Dataset records: Begin
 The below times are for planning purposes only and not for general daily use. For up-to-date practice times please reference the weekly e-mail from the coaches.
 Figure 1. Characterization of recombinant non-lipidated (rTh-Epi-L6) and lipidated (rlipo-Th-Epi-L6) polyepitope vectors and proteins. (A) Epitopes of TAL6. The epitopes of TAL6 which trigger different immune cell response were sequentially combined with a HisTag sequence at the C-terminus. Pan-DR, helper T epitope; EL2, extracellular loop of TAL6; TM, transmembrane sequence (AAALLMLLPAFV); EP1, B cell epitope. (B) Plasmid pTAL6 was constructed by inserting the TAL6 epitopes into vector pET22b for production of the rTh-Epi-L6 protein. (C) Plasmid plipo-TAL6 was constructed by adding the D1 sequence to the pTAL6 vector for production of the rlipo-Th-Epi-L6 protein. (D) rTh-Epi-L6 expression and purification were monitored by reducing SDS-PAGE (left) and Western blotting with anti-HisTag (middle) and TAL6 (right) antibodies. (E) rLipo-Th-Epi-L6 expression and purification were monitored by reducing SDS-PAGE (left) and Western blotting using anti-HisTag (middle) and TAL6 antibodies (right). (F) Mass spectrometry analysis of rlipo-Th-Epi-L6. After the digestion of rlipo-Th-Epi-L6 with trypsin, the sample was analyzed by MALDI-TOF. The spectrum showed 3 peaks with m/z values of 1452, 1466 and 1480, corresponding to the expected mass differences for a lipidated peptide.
Dataset records: End
Dataset records: Begin
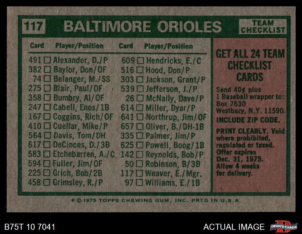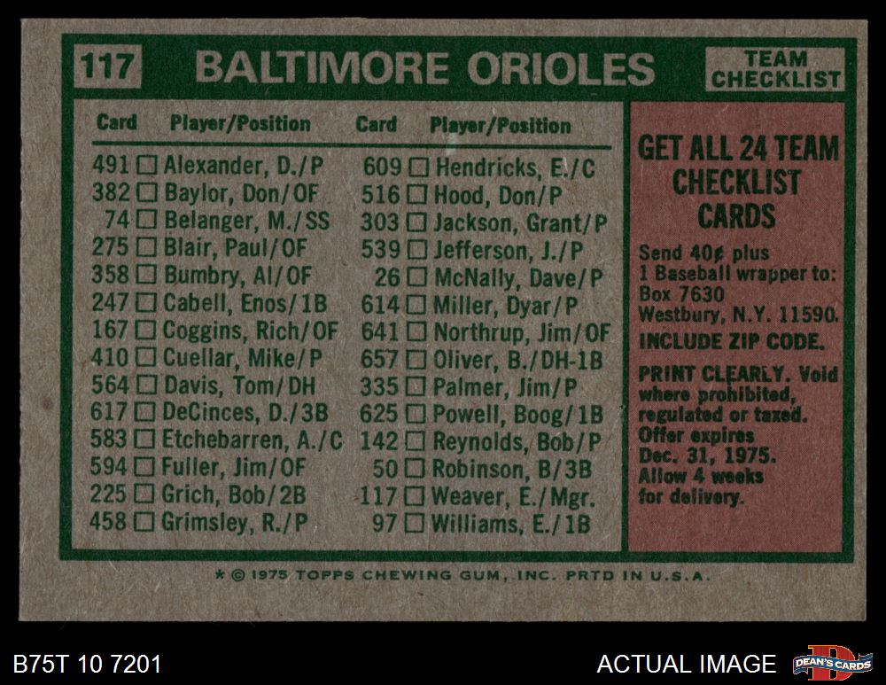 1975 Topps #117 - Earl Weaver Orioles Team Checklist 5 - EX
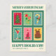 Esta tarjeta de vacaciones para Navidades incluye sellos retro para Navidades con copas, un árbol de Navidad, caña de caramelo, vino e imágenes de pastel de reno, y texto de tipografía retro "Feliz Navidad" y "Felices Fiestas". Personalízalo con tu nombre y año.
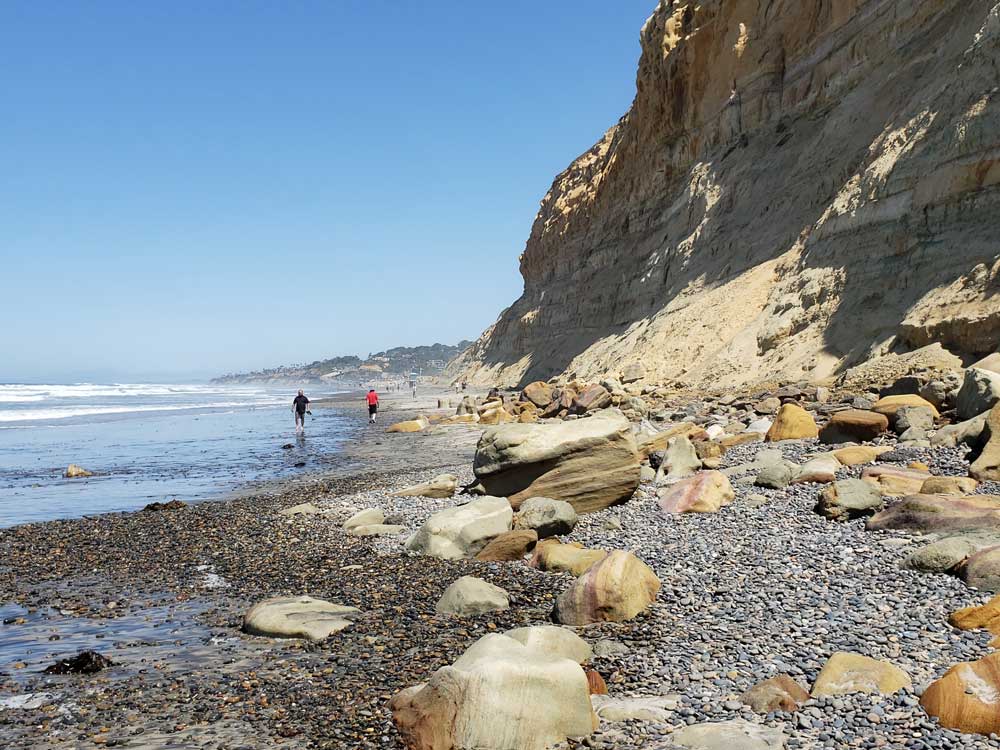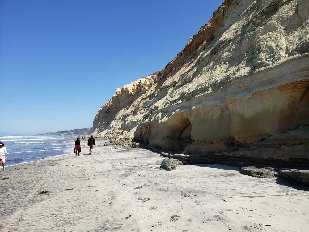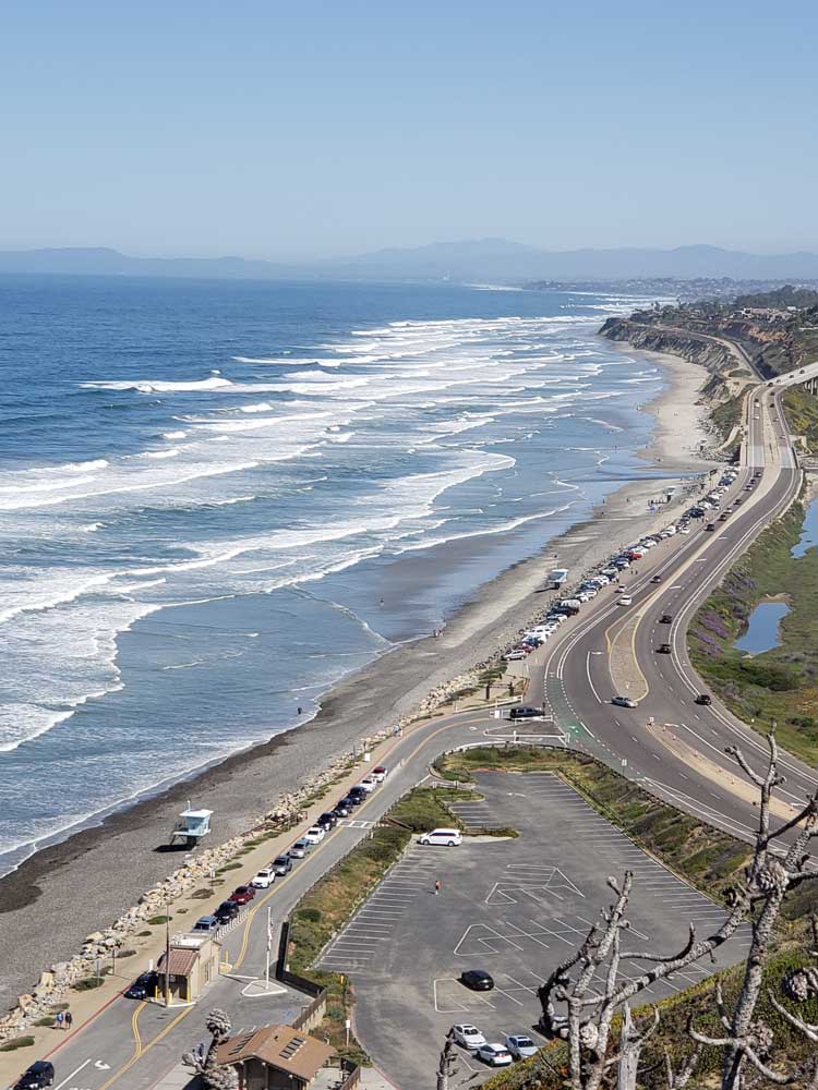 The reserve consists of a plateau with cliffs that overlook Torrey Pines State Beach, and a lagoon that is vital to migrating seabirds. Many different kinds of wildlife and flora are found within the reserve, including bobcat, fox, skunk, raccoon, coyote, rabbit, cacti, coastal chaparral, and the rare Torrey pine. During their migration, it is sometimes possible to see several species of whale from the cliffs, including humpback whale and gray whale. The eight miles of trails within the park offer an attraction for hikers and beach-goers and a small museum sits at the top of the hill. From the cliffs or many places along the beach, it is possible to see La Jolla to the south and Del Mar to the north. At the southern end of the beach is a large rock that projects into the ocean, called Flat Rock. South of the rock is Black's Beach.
Dataset records: End
Dataset records: Begin
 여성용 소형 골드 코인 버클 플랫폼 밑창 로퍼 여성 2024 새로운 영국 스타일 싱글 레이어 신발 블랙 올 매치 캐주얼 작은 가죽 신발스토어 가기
Dataset records: End
_Aim of the exercise_
In the records above, find the line with "1975 Topps #117". Print exactly from there through the line with "The reserve consists", minus the pictures.

_Task response_
 1975 Topps #117 - Earl Weaver Orioles Team Checklist 5 - EX
 Esta tarjeta de vacaciones para Navidades incluye sellos retro para Navidades con copas, un árbol de Navidad, caña de caramelo, vino e imágenes de pastel de reno, y texto de tipografía retro "Feliz Navidad" y "Felices Fiestas". Personalízalo con tu nombre y año.
 The reserve consists of a plateau with cliffs that overlook Torrey Pines State Beach, and a lagoon that is vital to migrating seabirds. Many different kinds of wildlife and flora are found within the reserve, including bobcat, fox, skunk, raccoon, coyote, rabbit, cacti, coastal chaparral, and the rare Torrey pine. During their migration, it is sometimes possible to see several species of whale from the cliffs, including humpback whale and gray whale. The eight miles of trails within the park offer an attraction for hikers and beach-goers and a small museum sits at the top of the hill. From the cliffs or many places along the beach, it is possible to see La Jolla to the south and Del Mar to the north. At the southern end of the beach is a large rock that projects into the ocean, called Flat Rock. South of the rock is Black's Beach.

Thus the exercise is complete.